Un bilan social « appréciable et amélioré »
Le projet de loi de finances 2024 revient également sur plusieurs politiques économiques et sociales. Parmi elles, la Couverture maladie universelle. Lancé en 2015, le programme a, selon le document, permis de relever le taux de couverture de l’assurance maladie de 20% à 75%. Du côté de l’offre, les ressources internes ont été mobilisées à hauteur de 118,463 milliards de FCfa, permettant de toucher 3,9 millions de personnes dont 106 964 femmes ayant bénéficié d’une prise en charge gratuite de la césarienne. Instauré en 2013 pour soutenir les familles défavorisées, le programme des bourses familiales a bénéficié, jusqu’en 2023, d’une dotation budgétaire de 164,025 milliards de FCfa, permettant de faire bénéficier, à 316 941 ménages, d’une bourse de 25 000 FCfa/trimestre, (montant qui est passé à 35 000 FCfa en 2023) pour renforcer leurs moyens d’existence, de même que les capacités éducatives et productives de leurs enfants. Pour ce qui est de l’équité sociale et l’efficacité du système de santé, elles ont été largement améliorées, spécialement, à travers le recrutement important de professionnels de la santé et la mise en service de nouvelles structures. Ainsi, 300 postes de santé, 18 centres de santé, 21 centres de dialyse et 9 nouveaux hôpitaux ont été mis en service entre 2012 et 2023. « Grâce à ces investissements, le secteur a connu une augmentation de sa capacité litière et permis l’ouverture de services spécialisés jusque-là inexistants dans certaines zones, depuis l’Indépendance », mentionne le document.
Augmentation « sans précédent » de la masse salariale
Selon le projet de loi de finances 2024, la masse salariale dans l’Administration publique a connu un accroissement sans précédent, passant de 428 milliards de FCfa en 2012 pour s’établir à 1 273 milliards de FCfa en 2023. Dans le même temps, les effectifs sont passés de 95 779 en 2012 à 171 634 en 2023, soit un accroissement net de 75 855, sur la même période. Cette forte augmentation des effectifs traduit le recrutement en masse des jeunes dans la fonction publique. « Non seulement, les recrutements nets ont plus que doublé par rapport à la période précédente (2,8 fois plus), mais les agents de l’État (fonctionnaires et non-fonctionnaires) sont aujourd’hui beaucoup mieux payés qu’avant. « En effet, les augmentations de salaires ont porté essentiellement sur la création ou la revalorisation des primes et indemnités, dont le montant est passé de 149 milliards de FCfa en 2012 à 461 milliards de FCfa à fin 2022 », souligne le document. Il s’agit d’un choix « volontariste de lutter contre l’érosion » du pouvoir d’achat des agents qui traduit une certaine fibre sociale, pour que la redistribution des fruits de la croissance passe aussi par l’amélioration des conditions de rémunération des agents publics. Les retraités ont également vu leurs pensions nettement améliorées, de même que les titulaires de pension d’invalidité. Ainsi, le montant annuel de pensions est passé de 90 milliards de FCfa en 2012 à plus de 117 milliards de FCfa en 2022 pour des effectifs respectifs de 67 000 pensionnés et de 73 000 pensionnés. Dans la même dynamique, les dépenses de pensions d’invalidité sont passées de 7 milliards de FCfa pour 8 000 bénéficiaires en 2019 à près de 9 milliards de FCfa pour 9 000 bénéficiaires en 2022.

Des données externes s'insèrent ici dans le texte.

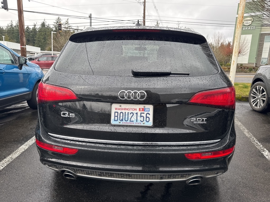 2017 Audi Q5 2.0T Premium Plus quattro 4D Sport Utility 2.0L 4-Cylinder TFSI 8-Speed Automatic with Tiptronic quattro Brilliant Black 10 Speakers, 2.84 Axle Ratio, 4-Wheel Disc Brakes, ABS brakes, Air Conditioning, Alloy wheels, AM/FM radio, Automatic temperature control, Brake assist, Bumpers: body-color, CD player, Delay-off headlights, Driver door bin, Driver vanity mirror, Dual front impact airbags, Dual front side impact airbags, Electronic Stability Control, Four wheel independent suspension, Front anti-roll bar, Front Bucket Seats, Front Center Armrest, Front dual zone A/C, Front fog lights, Front reading lights, Garage door transmitter: HomeLink, Genuine wood console insert, Genuine wood dashboard insert, Genuine wood door panel insert, Heated door mirrors, High intensity discharge headlights: Xenon plus, Illuminated entry, Leather Seating Surfaces, Leather Shift Knob, Leather steering wheel, Low tire pressure warning, Occupant sensing airbag, Outside temperature display, Overhead airbag, Overhead console, Panic alarm, Passenger door bin, Passenger vanity mirror, Power door mirrors, Power driver seat, Power Front Bucket Seats, Power Liftgate, Power moonroof, Power passenger seat, Power steering, Power windows, Radio data system, Radio: MMI Plus System w/6.5" Color Screen, Rain sensing wipers, Rear air conditioning, Rear anti-roll bar, Rear fog lights, Rear reading lights, Rear seat center armrest, Rear window defroster, Rear window wiper, Remote keyless entry, Roof rack, Security system, Speed control, Speed-sensing steering, Speed-Sensitive Wipers, Split folding rear seat, Spoiler, Steering wheel mounted audio controls, Tachometer, Telescoping steering wheel, Tilt steering wheel, Traction control, Trip computer, Turn signal indicator mirrors, Variably intermittent wipers, Wheels: 8.0" x 18" 5-V-Spoke-Design.
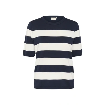 Kaffe Lizza Striped Print Tshirt, Women's, Size: Small, Midnight chalk wide stripe
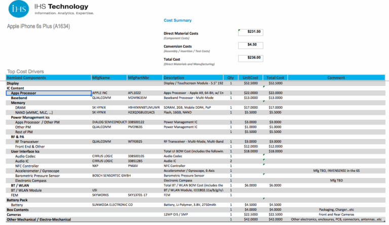 La société IHS technology vient de publier un tableau présentant le prix des pièces payé par Apple afin de fabriquer son nouvel iPhone 6S.
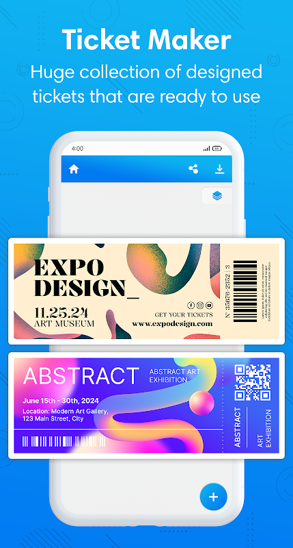 Ticket Maker, herkesin benzersiz ve göz alıcı etkinlik bileti tasarımlarıyla yaratıcılığını ortaya koyabileceği bir kart tasarım uygulamasıdır.
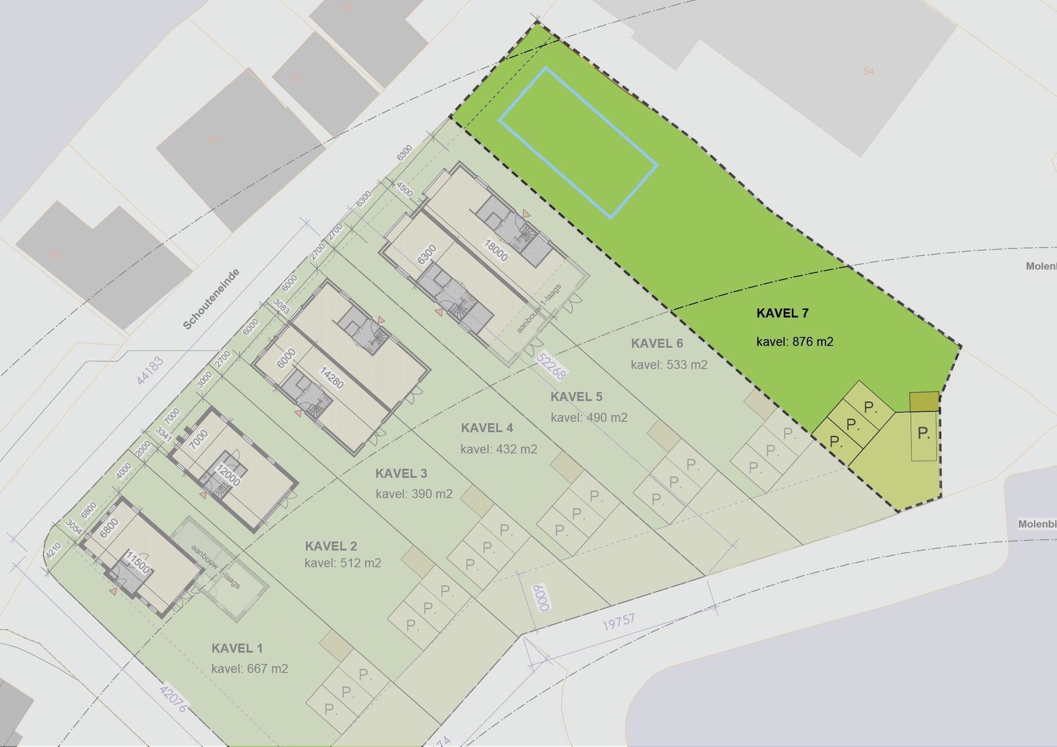 De kavel dat wordt aangeboden is geschikt voor de bouw van 1 vrijstaande woning. Achterop de kavel dienen parkeervoorzieningen op eigen terrein te worden gerealiseerd. Een gezamenlijke weg achter de overige kavels langs, zorgt voor ontsluiting op de Molendijk.
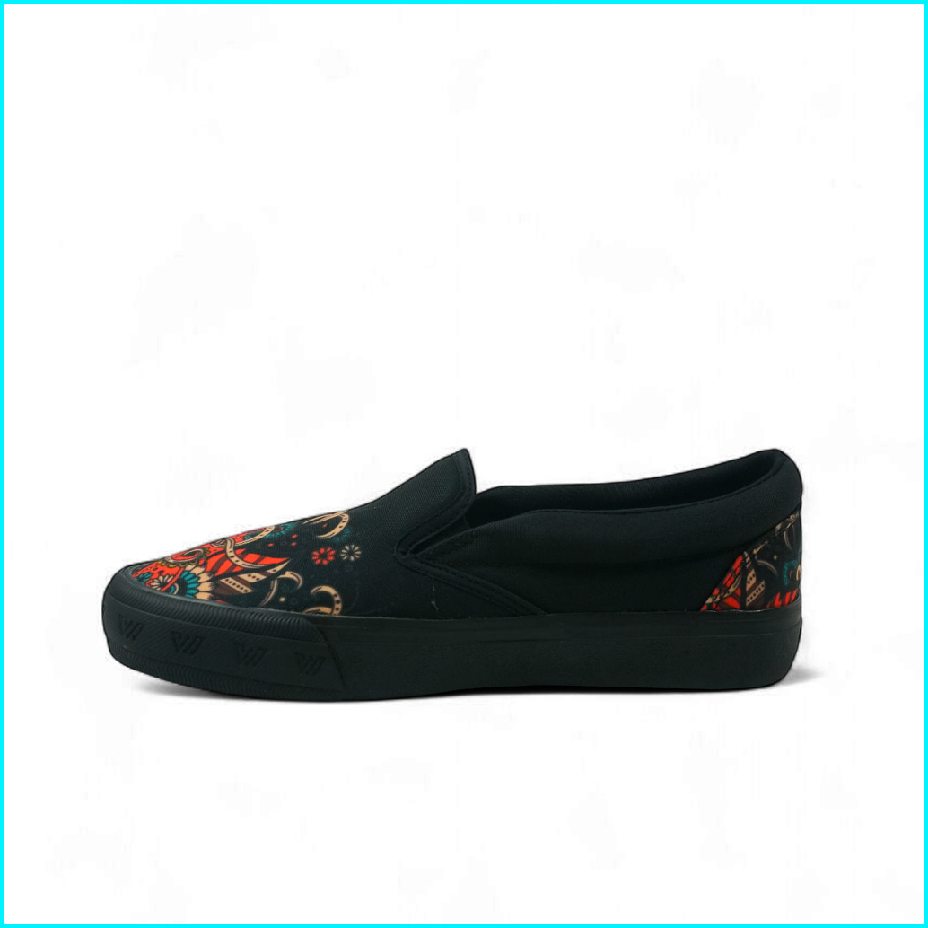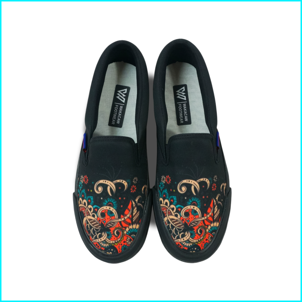 Wakacaw - Sepatu Slip On Batik Etnik All Black Sepatu Sneakers Slip On Pria Dan Wanita

SUBVENTION DES PRODUCTIONS
750 milliards de FCfa pour le secteur de l’énergie
La bataille contre la vie chère a été payée au prix fort sur le plan budgétaire, afin de favoriser le bien-être des populations, selon le projet de loi de finances. Les subventions allouées au secteur de l’énergie ont atteint 750 milliards de FCfa en 2022, soit 4,4% du Pib, et près de 556 milliards de FCfa en 2023. S’agissant de la stabilisation des prix des produits de grande consommation des ménages (blé, huile, sucre, riz et maïs), elle a coûté un montant global de 157 milliards de FCfa en 2022 et près de 103 milliards de FCfa en 2023.
« Avec le Soleil »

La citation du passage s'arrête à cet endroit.